Wednesday, December 21, 2011

How to do an Online Virtual Connect firmware upgrade

Okay, this is a follow-up to my previous post ... I was finally able to find out on my own how to do this. The answer is in HP's white paper "HP Virtual Connect Firmware Upgrade Steps and Procedures". This is a must read for anyone being concerned with the VC firmware upgrade process, I will try to summarize the most important points here.

You must use the Virtual Connect Support Utility (VCSU). The current version is 1.60 and is available for download here.

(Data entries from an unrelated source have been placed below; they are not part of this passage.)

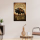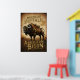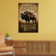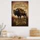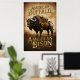 A steampunk bison stands in a field, its body adorned with intricate gears and pipes. The background suggests a western setting.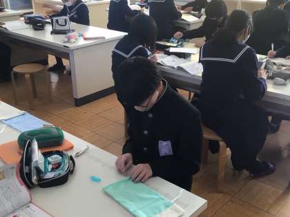 家庭科の時間にブックカバーの製作をしていました。ボランティアの方にも手伝っていただき、手縫いやミシン縫いを教えてもらい、それを生かしての製作です。本日、全員の作品が完成します。素敵な作品に仕上がったでしょうか?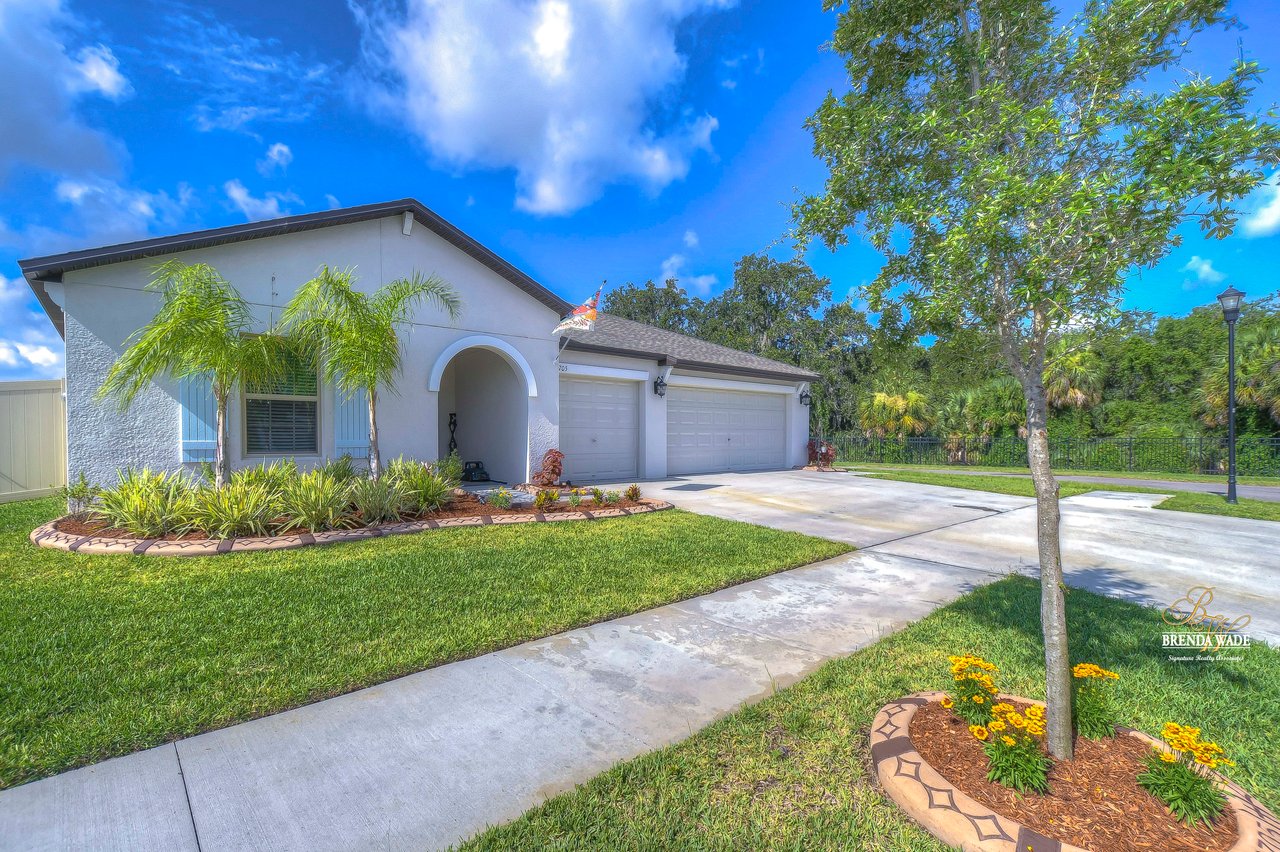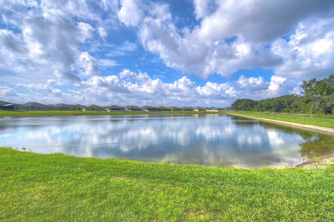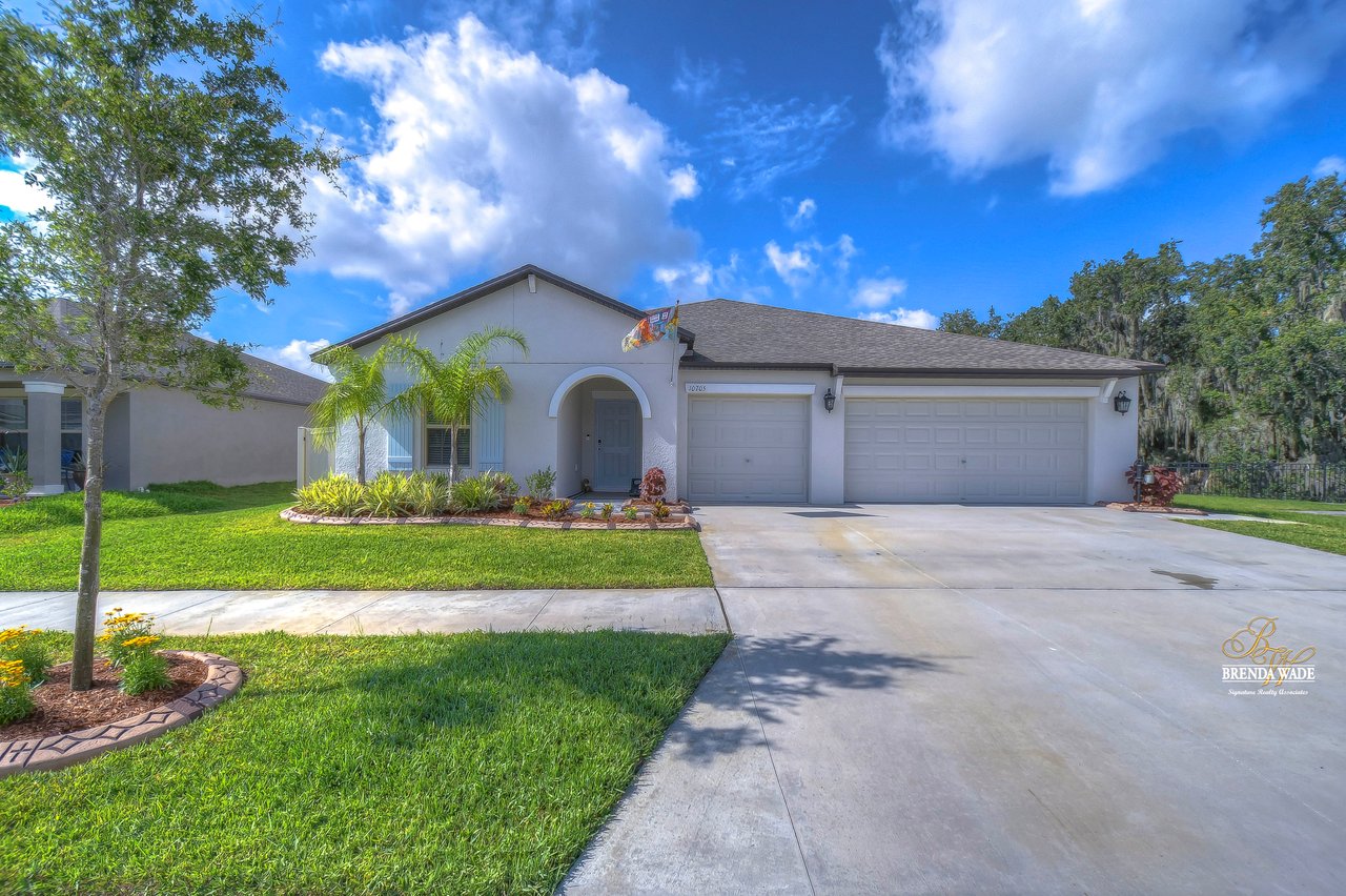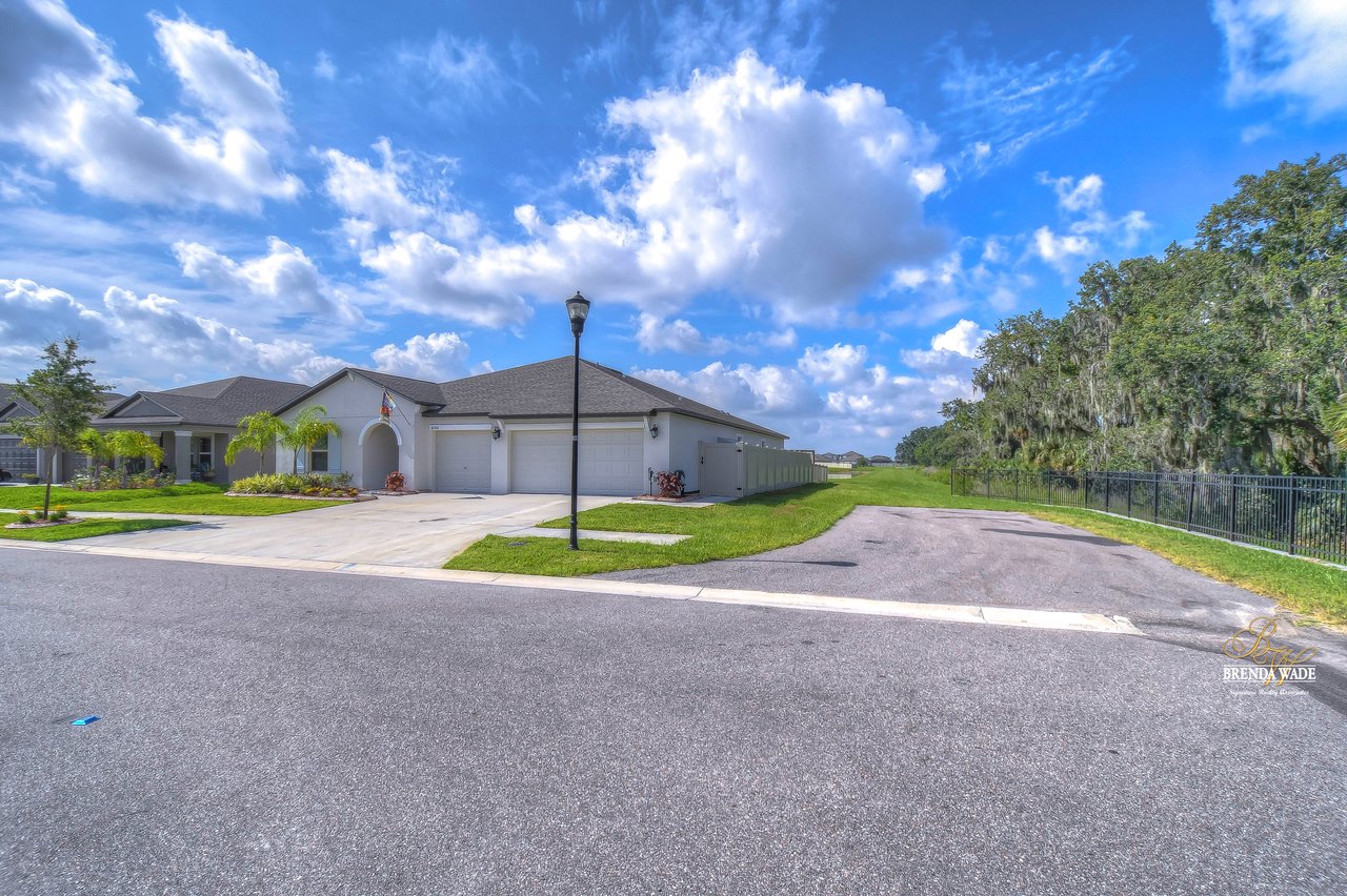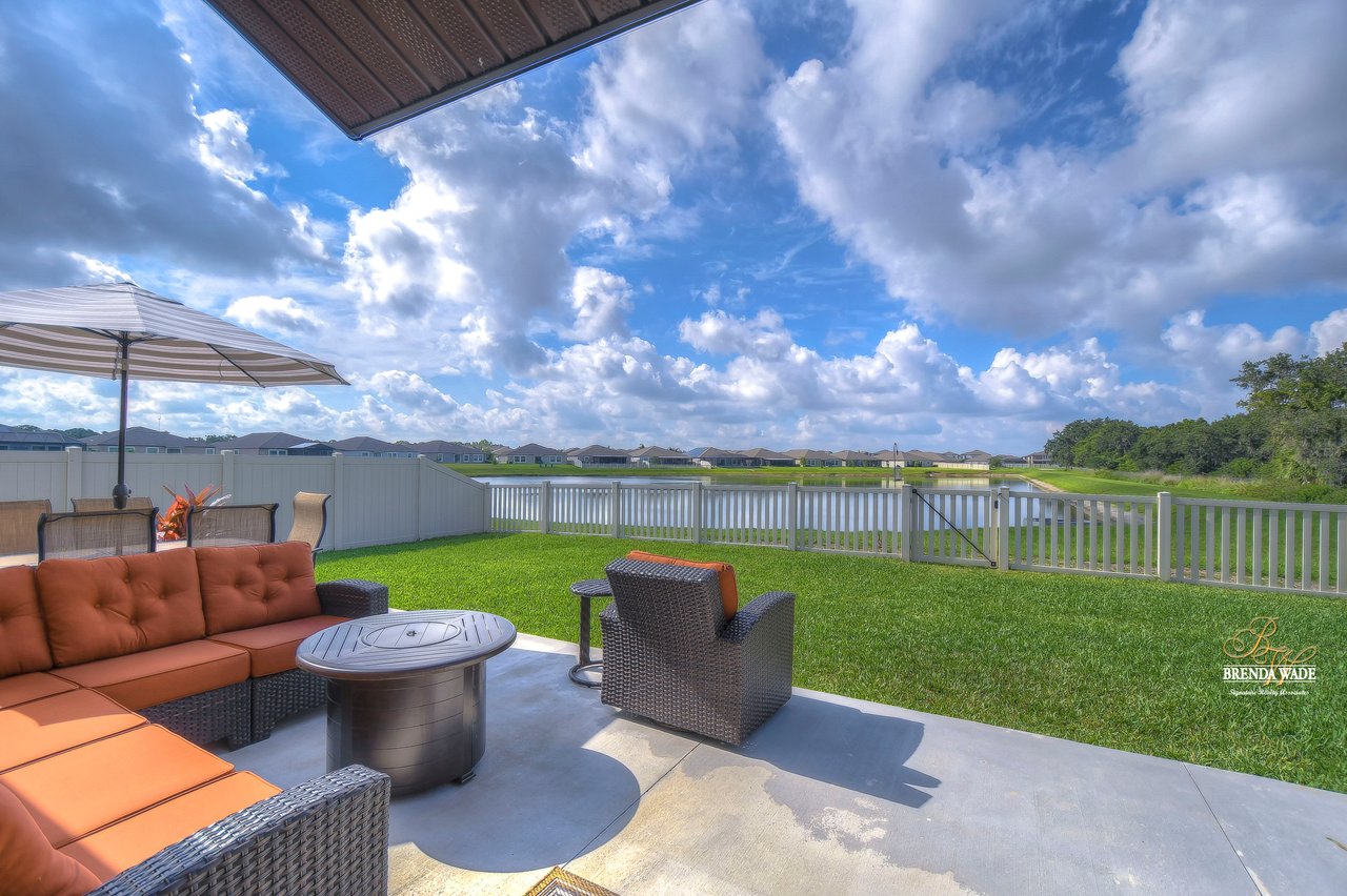 Welcome to your dream home! Prepare to be captivated by the open-concept design of this exquisite one-story newly built Santa Fe home! Thoughtfully situated on the last lot of a dead-end street surrounded by conservation and breathtaking water views! Nothing says welcome home like this warm and inviting triple split floor plan! The beautiful kitchen, a focal point overlooking the main living areas, is a culinary delight! Boasting an over-sized island and huge walk-in pantry, built-in stainless appliances, granite countertops, and espresso cabinets! Conversations flow seamlessly between the well-appointed kitchen and the adjacent formal dining room with slider that opens to the oversized patio! The dining room not only offers panoramic water views but also welcomes an abundance of natural light! The great room is the perfect place to enjoy spending time with family and friends! A flex room adjacent to the great room presents endless possibilities, perfect for an office, playroom, or gym! The primary suite is a true oasis boasting water views and natural light throughout with en-suite bath! The en-suite features double sinks, granite countertops, walk-in shower, and large walk-in closet! Two additional spacious bedrooms at the front of the home feature large closets and share a bath! The fourth bedroom showcases a walk-in closet and private en-suite bath, ensuring privacy and comfort for guests or family members! Prepare to be captivated once again as you step into the backyard, a true masterpiece that showcases captivating water views and conservation! Take a minute to take it all in while sitting around the firepit! With neighbors on one side only and a privacy fence, this is the perfect place for gatherings! Do you enjoy going to the beaches? This is the perfect house for you, less than 20 minutes from Apollo Beach and only one hour from Disney, this house is sure to check all the boxes! Start packing your bags!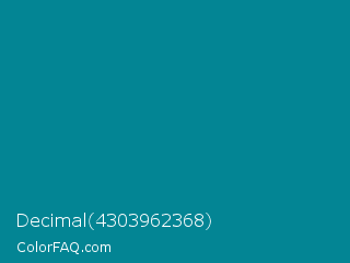 Decimal 4303962368 Color is a dark cyan color and the nearest color is Blue Chill #0c8990. Hex code #038594 and RGB value is rgb(3,133,148). In RGB color space, this color is composed of 1% red, 52% green, 58% blue, In CMYK color space, this color is composed of 98% cyan, 10% magenta, 0% yellow , 42% black , In HSL color space, this color has a hue angle of 186° , 96% saturation and 30% lightness.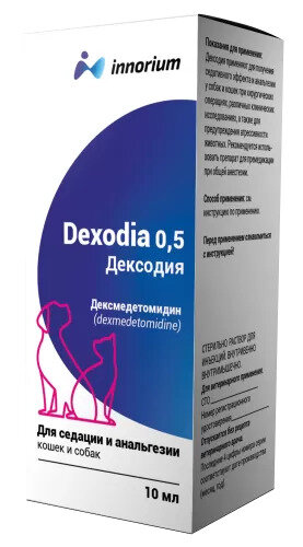 Декcодия применяют для получения седативного эффекта и анальгезии у собак и кошек при хирургичееких операциях, различных клинических исследованиях, а также для предупреждения агрccеивноcти животных. Рекомендуется использовать препарат для премедикации при общей анеcтезии.· Выпускается в двух концентрациях (0.1мг/мл и 0.5мг/мл)· Возможность сочетания с диссоциативными анестетиками (содержащие тилетамин) · Безопасен для широкого круга пациентов· Эффективен в минимальных дозировках· Обладает успокаивающим и расслабляющим эффектом· Широкие диапазоны дозировок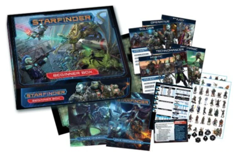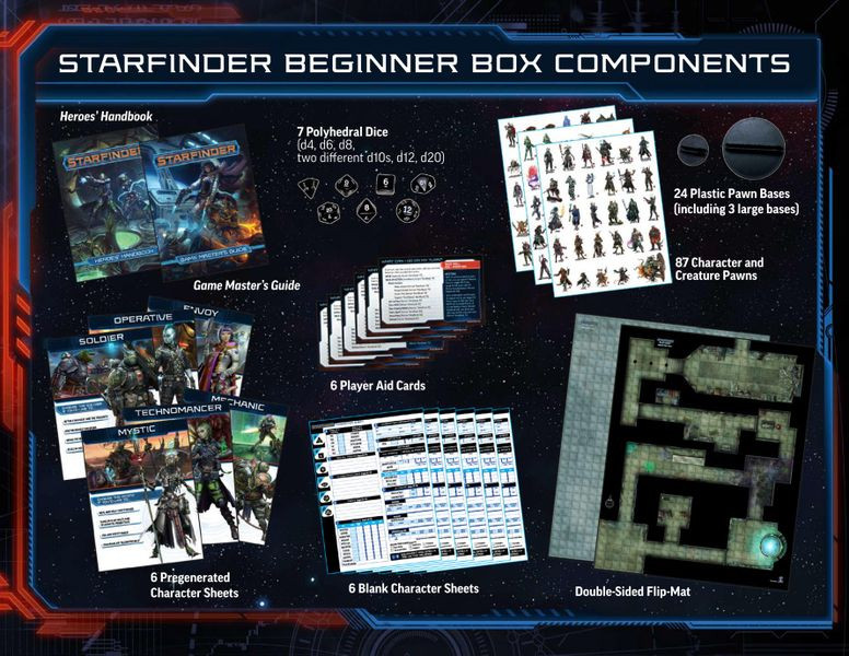 Launch into an exciting universe of science fantasy adventure with the Starfinder Beginner Box! Create and customize your own futuristic hero to play through challenging adventures and action-packed battles against dangerous foes! With streamlined rules, this deluxe boxed set is the ideal introduction to the Starfinder Roleplaying Game, an imaginative tabletop roleplaying game for 2-7 players. Welcome to the best launchpad for a lifetime of pulse-pounding adventure among the stars-the only limit is your imagination!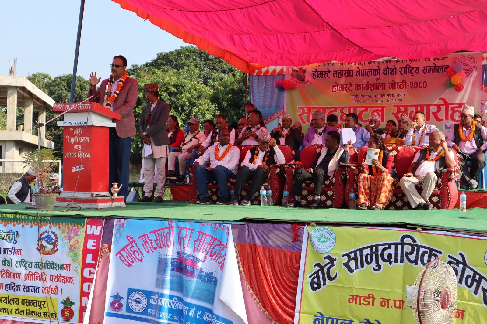 नेपाल होमस्टे महासंघको चौथो राष्ट्रिय महाधिवेशनको समुद्धघाटन माडीको बसन्तपुरस्थित खुला चौरमा भएको छ । असोज २७ गतेसम्म सञ्चालन हुने महाधिवेशनमा देशैभरका होमस्टेबाट प्रतिनिधिहरु माडी आउनुभएको छ ।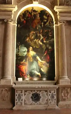 Continuing on, one encounters the Da Prato altar, characterized by a neoclassical-style frame that encloses a Baroque altarpiece, The Ecstasy of St. Mary, commissioned by Giacomo Dal Prato and signed and dated by Alessandro Turchi,[note 7] in which one can see the contrast of a bright paradise populated by angels with the gloomy representation of the earthly world where Magdalene is found.[15][16] On either side of the tympanum are two statues, made between the 19th and 20th centuries, representing angels, while above is the wooden sculpture of Magdalene, once on the Dolcetti altar.[17] At the foot of the altar are the tombs of the patrons: Girolamo da Prato and his brothers Giacomo and Bonifacio.[18]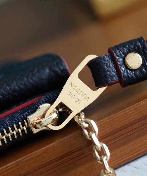 The Card Holder Recto Verso in Monogram Empreinte is an ingenious, multi-functional design. Among its practical features are a compartment with a wide, L-shaped zip, which can hold coins, an in-between pocket for folded bills, an envelope-style front pocket, and three card slots. It can also be hooked onto a bag or belt.
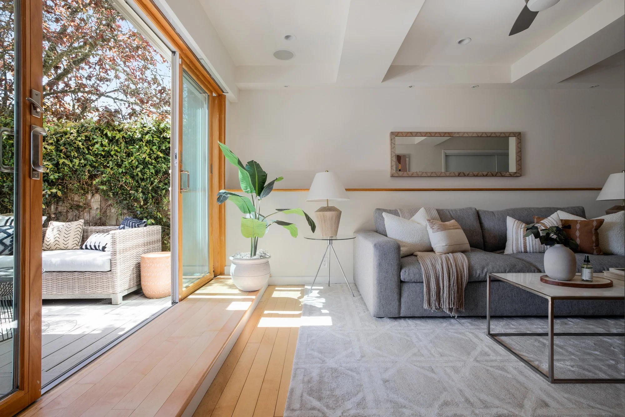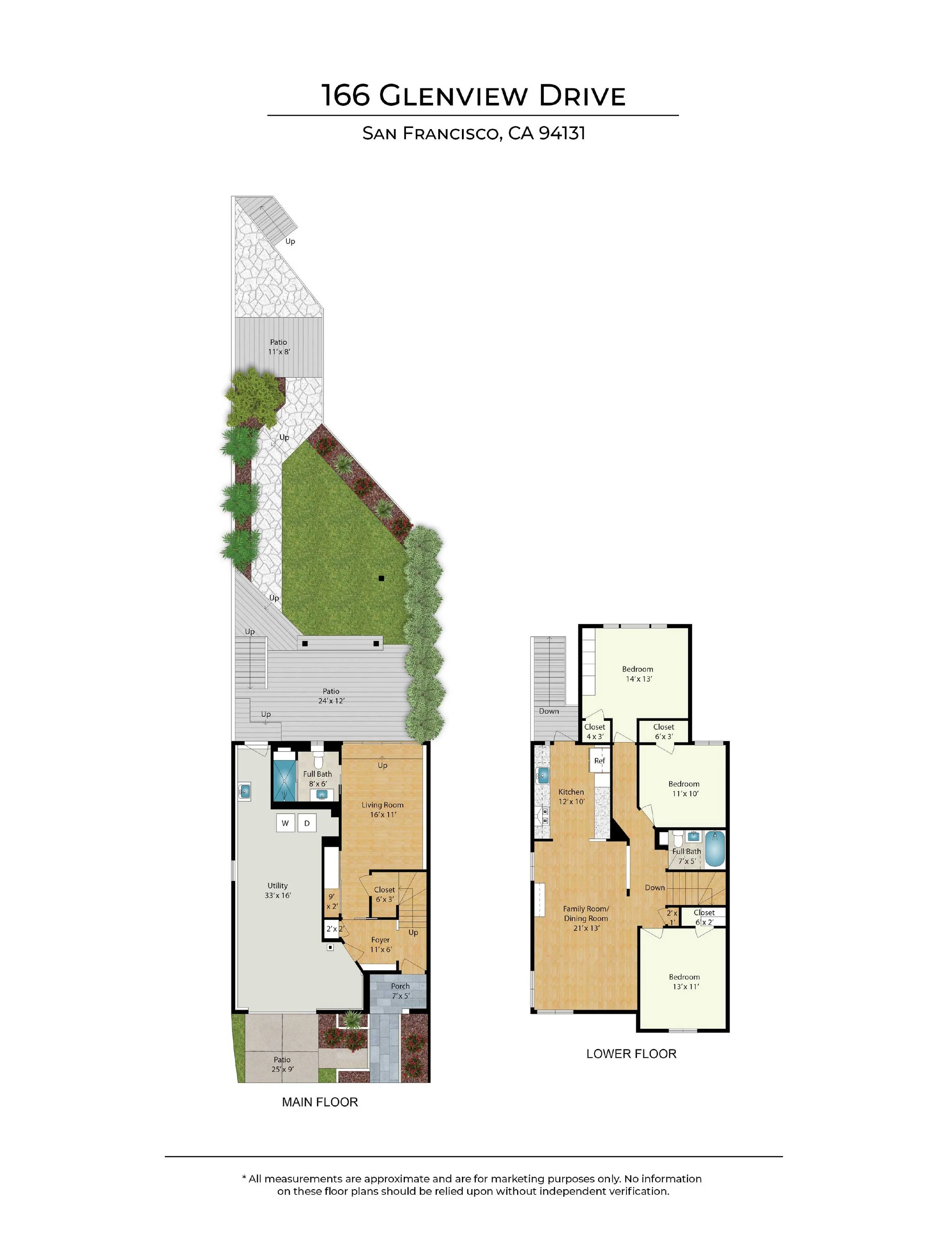 On a large, sunny corner of Twin Peaks' south slope, this tastefully updated mid century home offers a quiet retreat. Large windows make the most of the corner lot, drenching the elevated main level in light from three sides and offering peeks of Glen Canyon and the San Bruno Mountains from the rear bedroom. Two additional bedrooms and a fresh bathroom with soaking tub and natural stone tile balance out an open floor plan that makes entertaining easy, with a large kitchen featuring Silestone counters and Viking range, new dishwasher, and access to the yard. The first floor grants the home a great deal of flexibility with a large primary suite that can also double as a media room, guest space or office. It features sliding doors that open to the deep rear yard, covered patio and also has direct access to the street via a garden gate. Both front and rear yards were professionally designed and maintained, and highlight the extra-deep lot, while a long driveway provides easy parking for a second vehicle. Storage, washer and dryer, solar inverter and a Tesla powerwall are tucked into a recently epoxied garage.

It helps to understand how the VCSU does the upgrade: First it uploads the new firmware to all VC modules simultaneously. This phase is absolutely uncritical, because the VC modules continue working normally during the upload. If you use the default parameters it will then activate the new firmware by rebooting the VC modules one after the other in a controlled manner - and this is the process that really impacts the network availability of your hosts and VMs!
Why? The controlled reboot takes 20 or more seconds, and - of course - the VC module will not properly forward and receive network traffic during that time. However, the blade servers, resp. their NICs that are connected to this module are not properly disconnected during that time, i.e. they do not get a link down notification! If you use the default failover detection method for your virtual switches (Link state only) the hosts will continue using the up-links to the module that is just rebooting, and this results in a loss of network connectivity.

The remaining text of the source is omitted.